We drop on top of the two ships and I activate my Onyx's warp bubble, trapping both ships. But it also traps us, the thirty second activation time hopefully not a problem should the Apocalypse start shooting. It doesn't. In fact, it starts to crawl away, tring to move out of the warp bubble. The Myrmidon is our primary target and is quickly popped, the pilot podded for good measure, but as soon as I see the Apocalypse make a break for the edge of the bubble I am following. The warp disruption field generator—the HIC's 'bubble'—affects velocity-boosting modules and even with my reheat engaged the battleship is getting away. But with the Myrmidon destroyed our firepower is switched to the Apocalypse, as well as the Lachesis ship's own warp disruption effects, and the second battleship is popped. Now just outside the bubble, his pod flees.

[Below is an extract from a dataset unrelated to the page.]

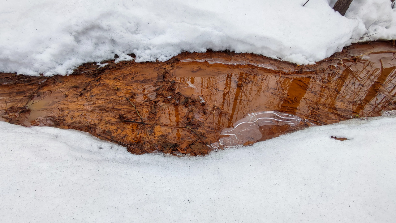 На фотографии изображён неглубокий ручей с рыжевато-коричневой водой, текущий под слоем снега. В воде отражаются стволы деревьев, стоящих вдоль русла. На поверхности заметны тонкие ледяные корки и следы таяния. Сюжет передаёт переходное состояние между зимой и весной в лесной зоне России. Фото можно использовать для иллюстрации природных явлений, учебных материалов по гидрологии и климату, а также экологических публикаций.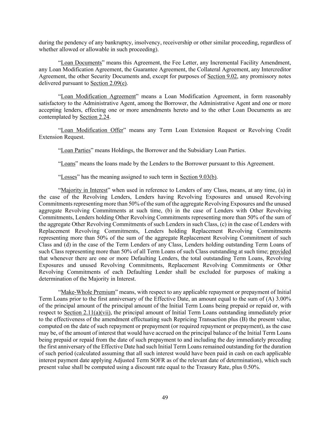 49 during the pendency of any bankruptcy, insolvency, receivership or other similar proceeding, regardless of whether allowed or allowable in such proceeding). “Loan Documents” means this Agreement, the Fee Letter, any Incremental Facility Amendment, any Loan Modification Agreement, the Guarantee Agreement, the Collateral Agreement, any Intercreditor Agreement, the other Security Documents and, except for purposes of Section 9.02, any promissory notes delivered pursuant to Section 2.09(e). “Loan Modification Agreement” means a Loan Modification Agreement, in form reasonably satisfactory to the Administrative Agent, among the Borrower, the Administrative Agent and one or more accepting lenders, effecting one or more amendments hereto and to the other Loan Documents as are contemplated by Section 2.24. “Loan Modification Offer” means any Term Loan Extension Request or Revolving Credit Extension Request. “Loan Parties” means Holdings, the Borrower and the Subsidiary Loan Parties. “Loans” means the loans made by the Lenders to the Borrower pursuant to this Agreement. “Losses” has the meaning assigned to such term in Section 9.03(b). “Majority in Interest” when used in reference to Lenders of any Class, means, at any time, (a) in the case of the Revolving Lenders, Lenders having Revolving Exposures and unused Revolving Commitments representing more than 50% of the sum of the aggregate Revolving Exposures and the unused aggregate Revolving Commitments at such time, (b) in the case of Lenders with Other Revolving Commitments, Lenders holding Other Revolving Commitments representing more than 50% of the sum of the aggregate Other Revolving Commitments of such Lenders in such Class, (c) in the case of Lenders with Replacement Revolving Commitments, Lenders holding Replacement Revolving Commitments representing more than 50% of the sum of the aggregate Replacement Revolving Commitment of such Class and (d) in the case of the Term Lenders of any Class, Lenders holding outstanding Term Loans of such Class representing more than 50% of all Term Loans of such Class outstanding at such time; provided that whenever there are one or more Defaulting Lenders, the total outstanding Term Loans, Revolving Exposures and unused Revolving Commitments, Replacement Revolving Commitments or Other Revolving Commitments of each Defaulting Lender shall be excluded for purposes of making a determination of the Majority in Interest. “Make-Whole Premium” means, with respect to any applicable repayment or prepayment of Initial Term Loans prior to the first anniversary of the Effective Date, an amount equal to the sum of (A) 3.00% of the principal amount of the principal amount of the Initial Term Loans being prepaid or repaid or, with respect to Section 2.11(a)(vii), the principal amount of Initial Term Loans outstanding immediately prior to the effectiveness of the amendment effectuating such Repricing Transaction plus (B) the present value, computed on the date of such repayment or prepayment (or required repayment or prepayment), as the case may be, of the amount of interest that would have accrued on the principal balance of the Initial Term Loans being prepaid or repaid from the date of such prepayment to and including the day immediately preceding the first anniversary of the Effective Date had such Initial Term Loans remained outstanding for the duration of such period (calculated assuming that all such interest would have been paid in cash on each applicable interest payment date applying Adjusted Term SOFR as of the relevant date of determination), which such present value shall be computed using a discount rate equal to the Treasury Rate, plus 0.50%.

Looting the wrecks is enlightening. The Apocalypse wasn't protecting the Myrmidon, both ships were mining gas. Our assault was a straightforward gank. But both ships also were fitted with a warp core stabiliser each, making them less susceptible to warp disruption effects, so it was good that I brought my Onyx. It was all over rather more quickly than I expected. And by this time the rest of our fleet has jumped in to the C5 looking for a fight. Even though I wasn't sure what we'd be fighting I feel a little guilty for getting the hopes up of the fleet. That is, until the Nidhoggur carrier appears seventy kilometres away from us and launches its fighters.

  1. 7 Responses to “Lost and found”

  2. Pray that I'm always on my guard and never careless enough to be within light years on the opposite side of your icy paws in WH space :)

    You really scare me lol.

    By Ardent Defender on Aug 5, 2010

  3. What the....! You're leaving us hanging?? What happened with the Carrier??? Curious minds MUST know!! -.-

    By Selina on Aug 5, 2010

  4. What carrier?

    By pjharvey on Aug 5, 2010

  5. "I would normally wonder why Kairs left the ship behind"

    Who kairs?

    By Stabs on Aug 6, 2010

  6. I've only just recovered from reading that, Stabs.

    By pjharvey on Aug 10, 2010

  7. I'm in KAIRS, I presume we lost it during one of our "less successful" wormhole closings.. I don't recall losing any ships in that sort of manner in months though!?

    By Asarus Atreyu on Sep 2, 2010

  8. My journal is lagging a bit behind my adventures, so I probably found the Myrmidon mid-July, if not earlier. At least your explanation gives the reason why the ship was left behind.

    I suppose the unlucky pilot had to commit podicide to get back to k-space.

    By pjharvey on Sep 2, 2010

Sorry, comments for this entry are closed.